Step 3: Agree The Commercial Deal (Price, Payment, Timing)
Even if it’s a friendly transaction, confirm the basics in writing:
- purchase price and how it’s calculated
- deposit (if any)
- settlement date and what happens on settlement
- what approvals are required as conditions
- what happens if conditions aren’t met
If you’re doing this alongside a broader ownership shift, you might also want to consider how the business is managed going forward - because transferring shares often changes voting power, decision-making thresholds, and control.
It’s common for businesses to formalise these arrangements in documents that deal with Changing Company Ownership, especially where founders are entering or exiting.
Step 4: Prepare The Transfer Documentation
At a minimum, you’ll usually prepare:
- a share transfer instrument (or share transfer form)
- any consent documents required under the constitution/shareholders agreement
- a sale agreement (if the deal is more than a simple transfer)
- a deed of accession (if the buyer is becoming a party to the shareholders agreement)
This is also where “DIY templates” can cause trouble.

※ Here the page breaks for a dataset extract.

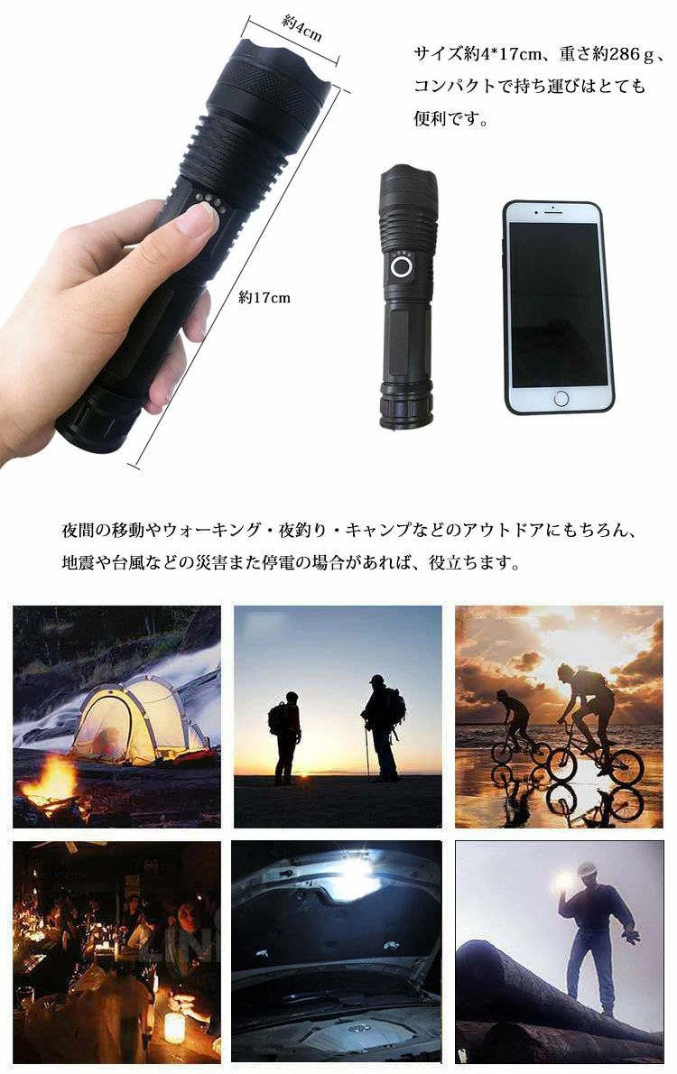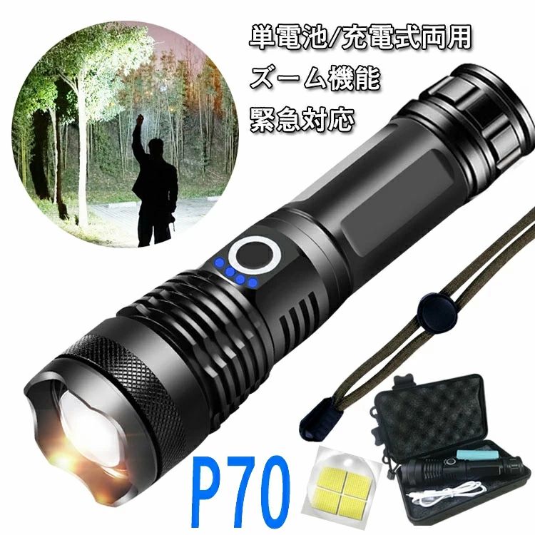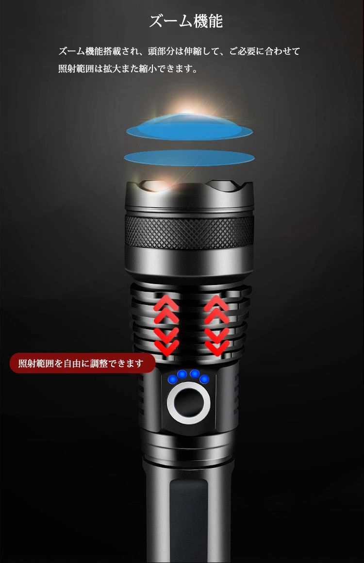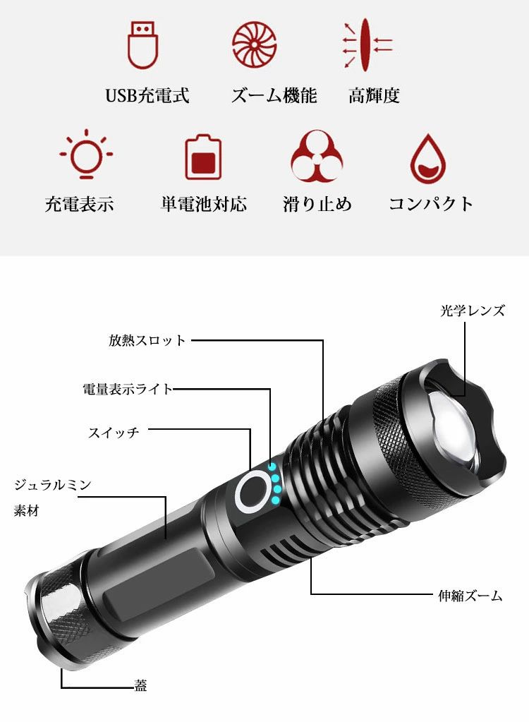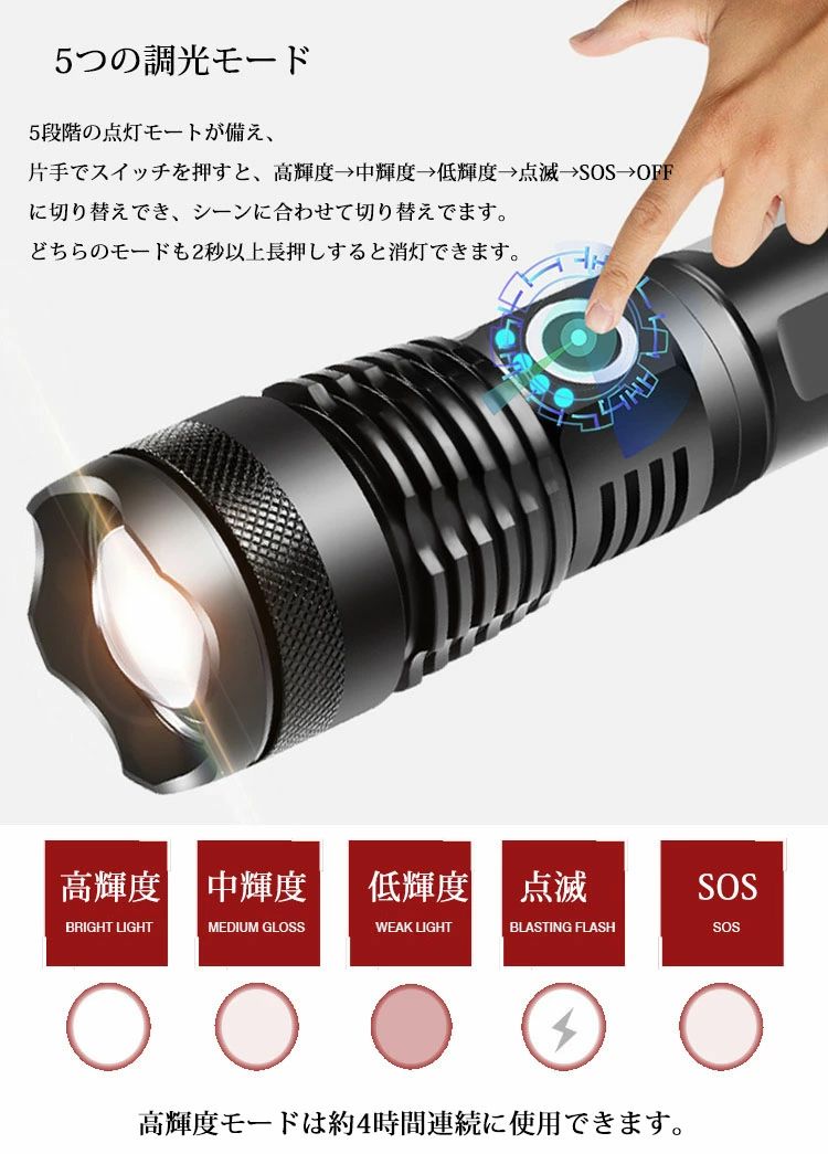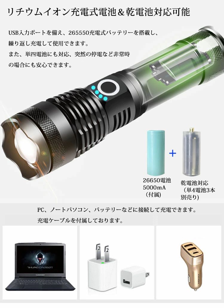 5モード調 高輝度 USB充電可 作業灯 軍用 乾電池使用可 充電池付き ズーム機能 懐中電灯 防災 フラッシュライト

A share transfer that doesn’t align with your constitution or company records can be hard to unwind once other steps have happened (like dividends being paid or votes being cast).
Step 5: Obtain Director/Shareholder Approvals
Depending on your documents, you might need:
- director approval of the transfer
- shareholder approval (less common for routine transfers, but sometimes required)
- waivers or consents from other shareholders
Make sure approvals are documented properly and stored with the company records.
Step 6: Settle And Update Your Company Records
On (or immediately after) settlement, you’ll typically:
- record the transfer in the share register
- cancel and reissue share certificates (if your company uses them)
- update internal cap tables and governance records
- ensure any new shareholder has signed required documents (like the deed of accession)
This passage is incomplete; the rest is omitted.